I am awoken each morning by the sounds of Arabic prayer calls piercing out from the loudspeakers of a nearby mosque into the thick, clicking dark. Not a day goes by that I don’t make a baby cry or a donkey cart-driving seven year-old squeal out “Toubab!” in sickening delight based solely on the fact that I have less pigment in my skin than they do. I have never felt more different because of the color of my skin.
It is fascinating, albeit sometimes frustrating, to walk around the weekly Sunday market with Aissatou, my fellow volunteer in Ross Bethio. She is black (her parents of Sierra Leone and Jamaican descent), English-speaking, and a middle-class American. Nevertheless, the vendors don’t hiss at her to come over to their tents, call “Madame!” or “Bonzour!” in terrible French accents, or try to catch her attention with a tap on the shoulder or elbow assuming that she is rich and French. She can rifle through any of the piles of secondhand clothes on the street without getting hassled to buy or ripped off because the sellers assume, based on the difference of our skin colors, that I have more money than she does. Aissatou and I workout together on a regular basis, and one morning we were running down the paved national highway when we were passed by a busload of light-skinned foreigners who stared out of the coach window clearly startled and confused at our seemingly odd companionship. Aissatou turned to me and joked that they probably thought I was teaching her how to run like a good, liberating female (white) volunteer. We chuckled at how silly it was, but also choked a little on our laughter knowing that most of the outside world would probably take the sight of a pair of girls, one white and one black, running down the side of a road in conservative west Africa and come to a similar conclusion. These incidents and many other equally provoking experiences over the past six months have altered my perception of identity in ways that I cannot even begin to comprehend yet since I continue to live through them on a daily basis.
I am a naturally fair skinned, blond-haired and blue eyed female. My father is British and my mother is half Polish. I identify the concept of home most strongly with the Rogue Valley in Pacific Northwest of the United States of America. The population of my high school closely mirrored the demographics of our region of Southern Oregon, so I found myself playing sports and taking tests with many kids of European and Asian descent, and a few of Middle-Eastern and African descent. I know people who are Jewish, Christian, unaffiliated, Muslim and Buddhist. I cook tacos with my mother, make sushi with my brother, and bake mince pies with my father. For Christmas Eve my family comes together for the traditional thirteen-course, Polish feast called Wigilia, attends Catholic midnight mass with my grandparents, and leaves out cookies and milk for Santa.
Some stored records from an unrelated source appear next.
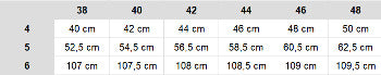 En esta tabla encontrarás las especificaciones de las tallas de esta prenda en centímetros.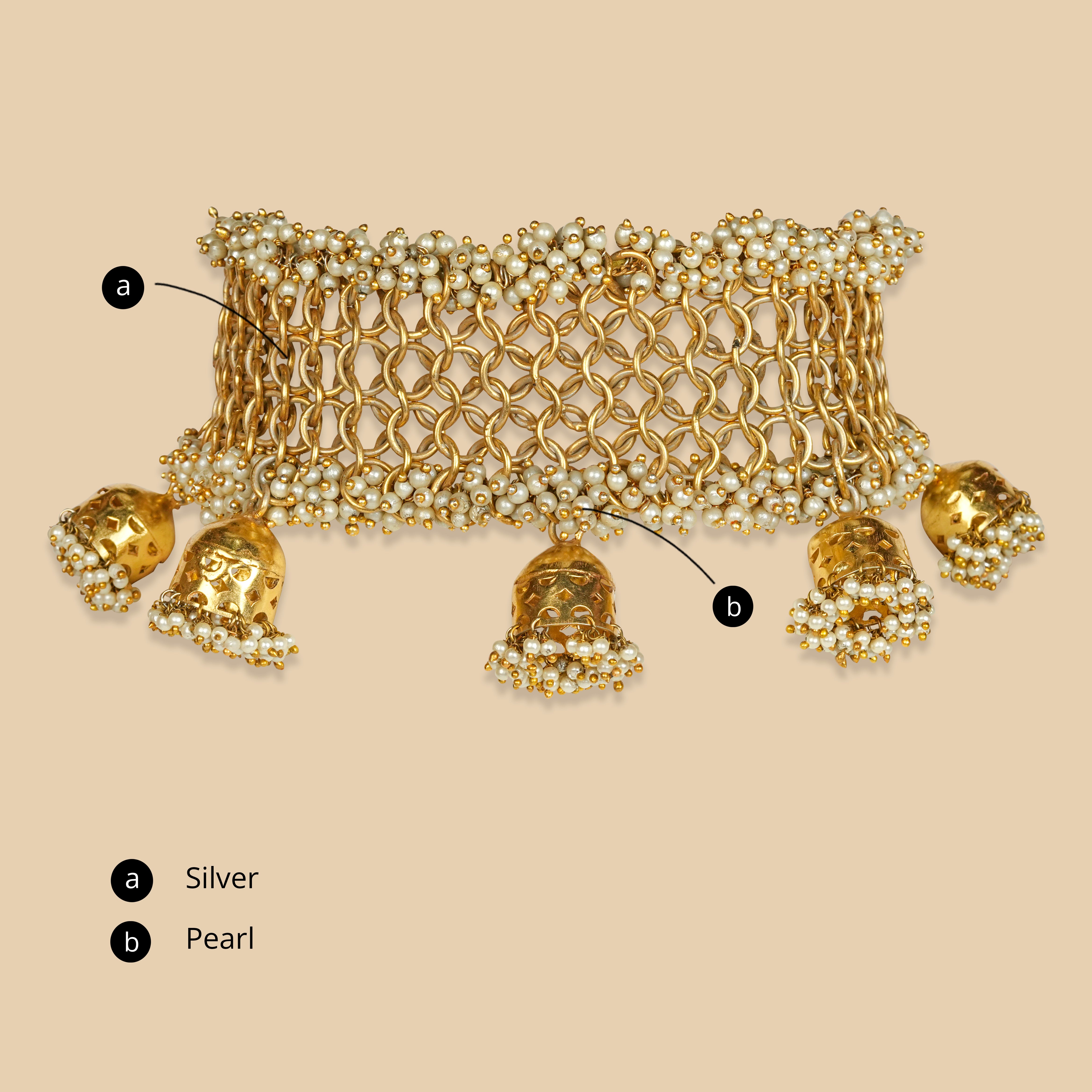 An Indian choker necklace delicately strung on lines of pearls handcrafted in silver. with delicate ghungroos attached to it, making it sweetly chime with every move you make. The necklace is crafted with the utmost care and thoughtfulness, using traditional Indian techniques and high-quality materials. The addition of delicate ghungroos creates a beautiful, harmonious sound with every step, elevating its elegance and charm.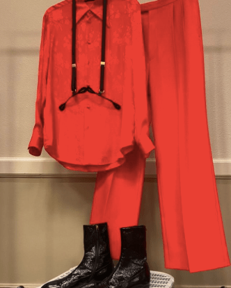 We got a little Mikey mouse action happening with this outfit. He wore this silk black shirt that had textures on it with red trousers, suspenders and boots. Literally all red but his shirt that I love so much. Black looks so good on him.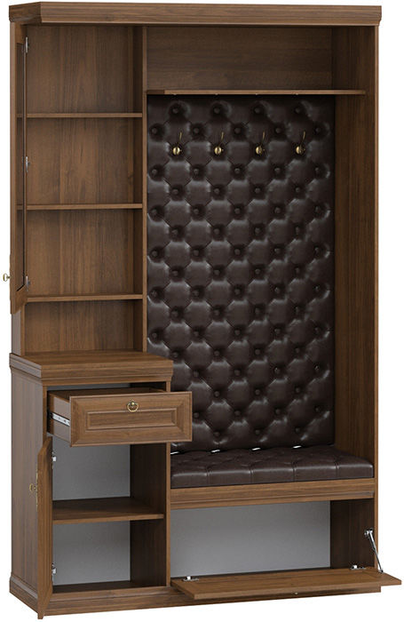 Удобная и функциональная прихожая достойно впишется в интерьер. В ее комплектации предусмотрено все необходимое: вешалка с крючками для верхней одежды, обувница с мягким сидением, полки для аксессуаров и зеркало. Ящик оборудован напровляющими 100% выдвижения, а вешалка и место для сидения декорированы стяжкой из экокожи.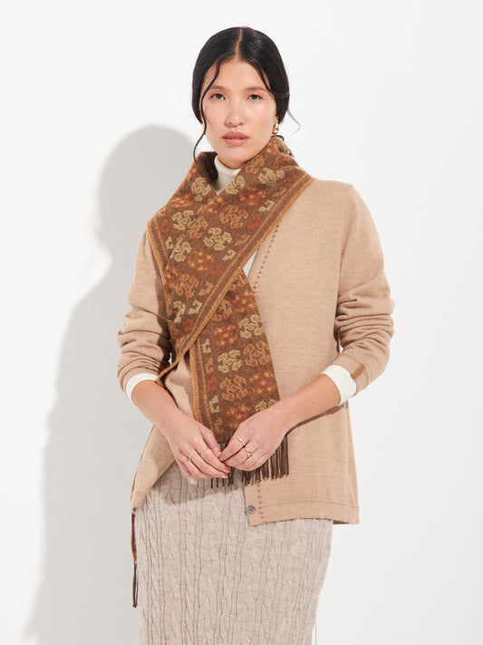 Chalina Chancay 36 en tonalidad marrón, elaborada en 100% baby alpaca con técnica Jacquard en...

Mame Awa, called Mawa for short, is a naturally dark skinned, black-haired, brown-eyed female. Her father is Wolof and her mother is Peuhl (Pulaar). Her home is Ross Bethio, Senegal. The population of her high school is split between the lighter-skinned, shorter Pulaars and the generally darker, taller Walo Walos (Wolof). She knows only Islam and has only met Muslims. She cooks Thiebu Jenn (rice and fish) and other Senegalese dishes for lunch everyday. For Tabaski, one of the largest Senegalese holidays, she watches her family kill a sheep, helps cook it, and then walks around to socialize with her friends at other peoples’ houses who are doing the exact same things.
Before this gap year in Senegal, I believed that America was a pretty typical country. Sure, they say it is a “melting pot” and a great many citizens, including me, have familial ties elsewhere in the world, but only this year did I realized just how unique the United States is in its unparalleled diversity. While Mawa and ninety-five percent of the rest of Senegal celebrate Islamic holidays, baby-naming ceremonies, and marriages in the same fashion every year, in America marriages are held in churches, vineyards and backyards and during the winter holiday season any one of your neighbors could be celebrating Hanukkah, a religious Christmas or one that has little to do with Christ, a Midwinter festival or perhaps nothing at all. The term “diversity” is tossed around in America so much that it seems to have become cliché. Americans have become so attuned to variety that we take for granted the fact that at any moment they are at most a hundred miles from the nearest Chinese take-out or taco stand, that every town in America is composed of several ethnic backgrounds, that each American family has their own personal traditions. America’s identity was built on diversity.
Identity and belonging are aspects of character that we are both born with and develop into through conscious choice. Describing the national identity in America is a tricky task because it is a uniquely diverse place. That is what makes it such a remarkable country, and that’s what makes it my home. I was born in a house in Oregon, but I choose to continue to identify myself with the United States because of the values for which it stands. I was born a small, wriggling ball of white skin and there is nothing I can do to change that aspect of myself, nor do I want to. It is diversity that makes the Unites States unique and I am proud to be a part of a country that accepts others without exception for skin color.